Return all the data below as it stands, minus the pictures.

- _LISTED ENTRIES_
--------

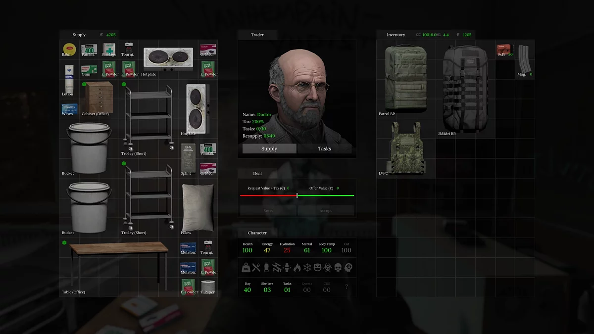 Доктор становится особенно нужен после первых опасных рейдов, когда вам регулярно требуются медикаменты, контейнеры и средства для лечения негативных эффектов.
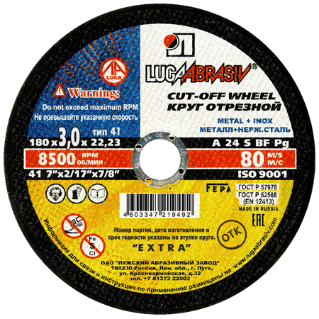 180*3*22,2 Круг отрезной по металлу Luga Abraziv (25/50) Запросить прайс
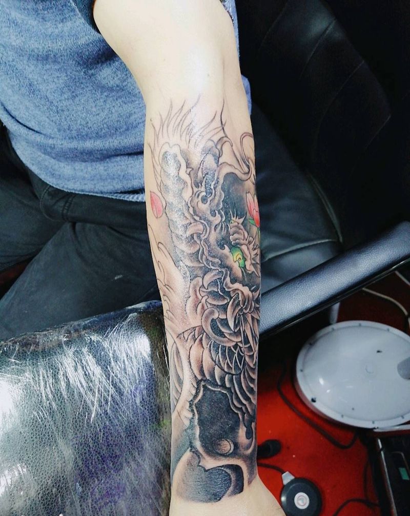 • T网红王老大花腿龙纹身图片_腿部新传统纹身图案
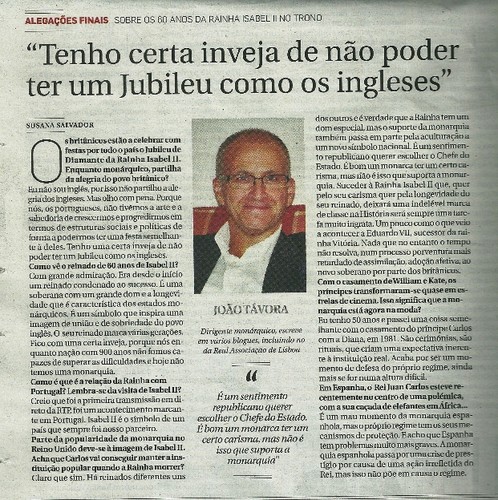 Eu não sou inglês, por isso não partilho a alegria dos ingleses. Mas olho com pena Porque nós, os portugueses, não tivemos a arte e a sabedoria de crescermos e progredirmos em termos de estruturas sociais e políticas de forma a podermos ter uma festa semelhante a deles. Tenho uma certa inveja de não poder ter um Jubileu como os ingleses.
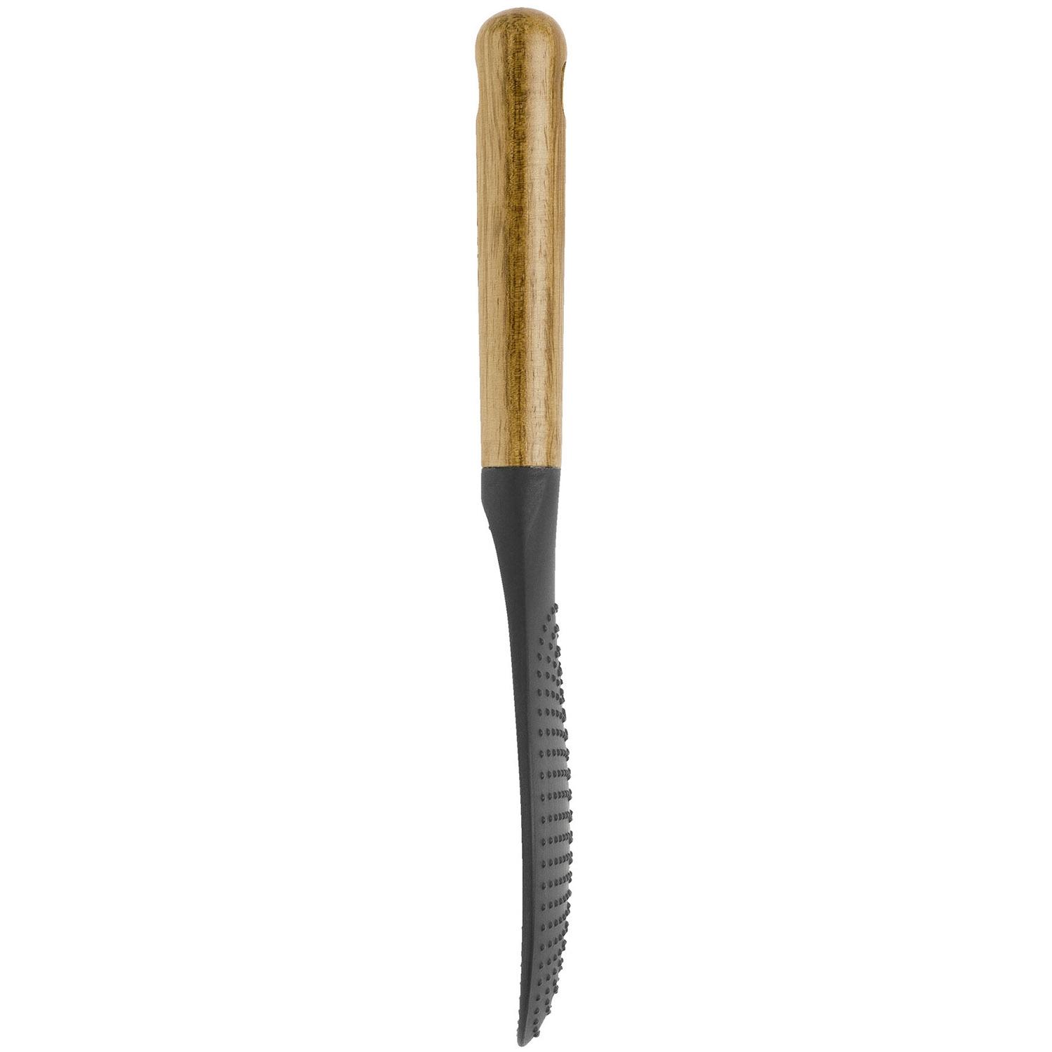 Staub utensils, as you should expect, are superbly designed and made. They feature eco-friendly, stay-cool acacia wood handles and heads made of matte-black silicone. The flexible silicone is impervious to stains and safe to use in hot pans, and is perfect for use in non-stick cookware. The heads are designed to fit in most any pot, pan or bowl. Hand wash, due to the wood handle.

--------

- _FINISHED EXERCISE_
 Доктор становится особенно нужен после первых опасных рейдов, когда вам регулярно требуются медикаменты, контейнеры и средства для лечения негативных эффектов.
 180*3*22,2 Круг отрезной по металлу Luga Abraziv (25/50) Запросить прайс
 • T网红王老大花腿龙纹身图片_腿部新传统纹身图案
 Eu não sou inglês, por isso não partilho a alegria dos ingleses. Mas olho com pena Porque nós, os portugueses, não tivemos a arte e a sabedoria de crescermos e progredirmos em termos de estruturas sociais e políticas de forma a podermos ter uma festa semelhante a deles. Tenho uma certa inveja de não poder ter um Jubileu como os ingleses.
 Staub utensils, as you should expect, are superbly designed and made. They feature eco-friendly, stay-cool acacia wood handles and heads made of matte-black silicone. The flexible silicone is impervious to stains and safe to use in hot pans, and is perfect for use in non-stick cookware. The heads are designed to fit in most any pot, pan or bowl. Hand wash, due to the wood handle.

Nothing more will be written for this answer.